What you have to do: Make an exact copy of all the entries below, with the pictures left out.

---------- Record excerpts ----------

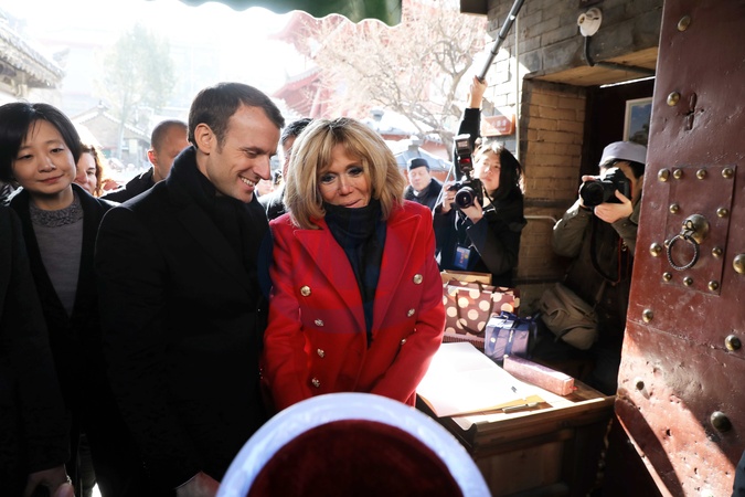 Brigitte Macron w czerwonym plaszczyku i Emmanuel Macron podczas wizyty w Chinach
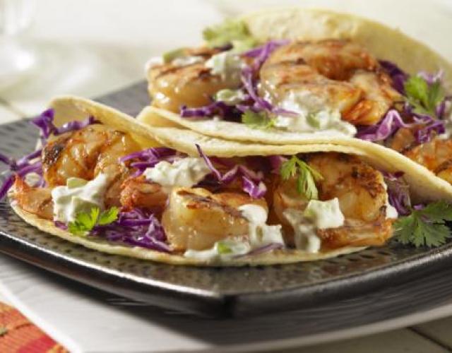 Ceviche-Marinated and Grilled Louisiana Shrimp Tacos Cook/Prep Time: 25 minutesServings: 4, 234 Calories per serving Ingredients 24 each - Jumbo Louisiana Shrimp, 21-25 count, peeled and deveined ¼ cup - Lime juice ¼ cup - Cilantro, chopped 2 cups - Tomato juice 1 cup - Red onion, chopped 1 Tbsp. - Ancho chili powder 8 each - Corn tortillas ½ lb. - Red cabbage, shredded ¼ cup - Tomato salsa ¼ cup - Low-fat sour cream Directions Preheat grill or grill pan to high heat. Mix lime juice, cilantro, tomato juice, onion and chili powder in a bowl. When fully mixed, add in the peeled and deveined Louisiana Shrimp, cover and refrigerate for 20 minutes. Remove shrimp from marinade and place them on the hot grill. Cook until the shrimp are done, 4-6 minutes. Remove shrimp from the grill and place them aside. Lay the tortillas, a few at a time, over the hot grill until warm, 20-30 seconds. Stack on top of each other on a plate. On each tortilla, place 3 shrimp, shredded cabbage, salsa and sour cream. Fold in half. Show off your culinary skills. Share pictures of your finished dish on social media and tag them with #LouisianaSeafood!
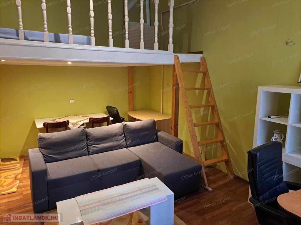 A József körúton kiadó egy lift nélküli társasház 2.emeletén található, 31 négyzetméteres, belső udvarra néző, teljesen gépesített és bútorozott, galériás lakás.
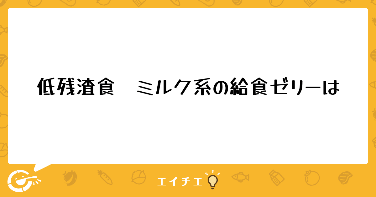 低残渣食の献立についてミルク系のゼリーは、使用していいことにするか悩んでいます。
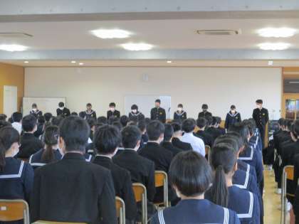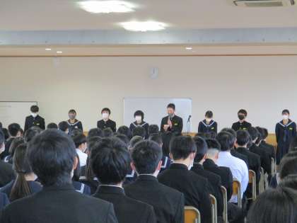 今日は2学期最後の学年集会でした。前半は学年生徒会が今学期の自分たちの良かったところを発表しました。1学期から続けられたこと、今学期達成できたことは3学期にもつないでいきましょう。また、後半は先生方から学習面・生活面への話がありました。中学校最後の冬休みをどう過ごしますか?入試まで残りわずかの人もいます。県立入試までも76日と日数を聞いて驚いた人もいたと思います。受験生としての自覚をもって、息抜きもほどほどにできることをしていきましょう。明日もう1日頑張りましょう。
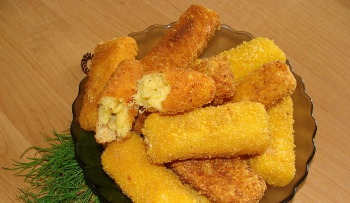 Хочется приготовить закуску к просмотру фильма? Сырные батончики - это прекрасный выбор для закуски. Именно поэтому сейчас мы научимся их готовить! Нам понадобятся такие продукты: ⦁ Молоко — 0,5 л. ⦁ Сыр твёрдый — 250 грамм. ⦁ Мука пшеничная — 175 грамм. ⦁ Сливочное масло — 75 грамм. ⦁ Яйцо куриное (3 желтка на тесто и 2 целых для панировки) — 5 штук. ⦁ Сухари панировочные. ⦁ Растительное масло. Если всё собрали, то можем начинать готовить: 1. Выкладываем масло в кастрюлю и нагреваем масло. Когда масло растопится, то высыпаем муку и перемешиваем. Не снимаем с огня и ждём, пока масса не станет похожа на замазку. После снимаем с огня и наливаем молоко. Перемешиваем до однородной массы (можно с помощью миксера). Опять переносим на огонь. Теперь мешаем и нагреваем на огне (меньше среднего). Масса должна хорошо загустеть, комков не должно быть. 2. Уносим с огня и добавляем желтки (3 штуки), и перемешиваем. 3. Теперь нам надо натереть сыр и насыпать в кастрюлю. Перемешать и добавить специи.

----------

Your solution:
 Brigitte Macron w czerwonym plaszczyku i Emmanuel Macron podczas wizyty w Chinach
 Ceviche-Marinated and Grilled Louisiana Shrimp Tacos Cook/Prep Time: 25 minutesServings: 4, 234 Calories per serving Ingredients 24 each - Jumbo Louisiana Shrimp, 21-25 count, peeled and deveined ¼ cup - Lime juice ¼ cup - Cilantro, chopped 2 cups - Tomato juice 1 cup - Red onion, chopped 1 Tbsp. - Ancho chili powder 8 each - Corn tortillas ½ lb. - Red cabbage, shredded ¼ cup - Tomato salsa ¼ cup - Low-fat sour cream Directions Preheat grill or grill pan to high heat. Mix lime juice, cilantro, tomato juice, onion and chili powder in a bowl. When fully mixed, add in the peeled and deveined Louisiana Shrimp, cover and refrigerate for 20 minutes. Remove shrimp from marinade and place them on the hot grill. Cook until the shrimp are done, 4-6 minutes. Remove shrimp from the grill and place them aside. Lay the tortillas, a few at a time, over the hot grill until warm, 20-30 seconds. Stack on top of each other on a plate. On each tortilla, place 3 shrimp, shredded cabbage, salsa and sour cream. Fold in half. Show off your culinary skills. Share pictures of your finished dish on social media and tag them with #LouisianaSeafood!
 A József körúton kiadó egy lift nélküli társasház 2.emeletén található, 31 négyzetméteres, belső udvarra néző, teljesen gépesített és bútorozott, galériás lakás.
 低残渣食の献立についてミルク系のゼリーは、使用していいことにするか悩んでいます。
 今日は2学期最後の学年集会でした。前半は学年生徒会が今学期の自分たちの良かったところを発表しました。1学期から続けられたこと、今学期達成できたことは3学期にもつないでいきましょう。また、後半は先生方から学習面・生活面への話がありました。中学校最後の冬休みをどう過ごしますか?入試まで残りわずかの人もいます。県立入試までも76日と日数を聞いて驚いた人もいたと思います。受験生としての自覚をもって、息抜きもほどほどにできることをしていきましょう。明日もう1日頑張りましょう。
 Хочется приготовить закуску к просмотру фильма? Сырные батончики - это прекрасный выбор для закуски. Именно поэтому сейчас мы научимся их готовить! Нам понадобятся такие продукты: ⦁ Молоко — 0,5 л. ⦁ Сыр твёрдый — 250 грамм. ⦁ Мука пшеничная — 175 грамм. ⦁ Сливочное масло — 75 грамм. ⦁ Яйцо куриное (3 желтка на тесто и 2 целых для панировки) — 5 штук. ⦁ Сухари панировочные. ⦁ Растительное масло. Если всё собрали, то можем начинать готовить: 1. Выкладываем масло в кастрюлю и нагреваем масло. Когда масло растопится, то высыпаем муку и перемешиваем. Не снимаем с огня и ждём, пока масса не станет похожа на замазку. После снимаем с огня и наливаем молоко. Перемешиваем до однородной массы (можно с помощью миксера). Опять переносим на огонь. Теперь мешаем и нагреваем на огне (меньше среднего). Масса должна хорошо загустеть, комков не должно быть. 2. Уносим с огня и добавляем желтки (3 штуки), и перемешиваем. 3. Теперь нам надо натереть сыр и насыпать в кастрюлю. Перемешать и добавить специи.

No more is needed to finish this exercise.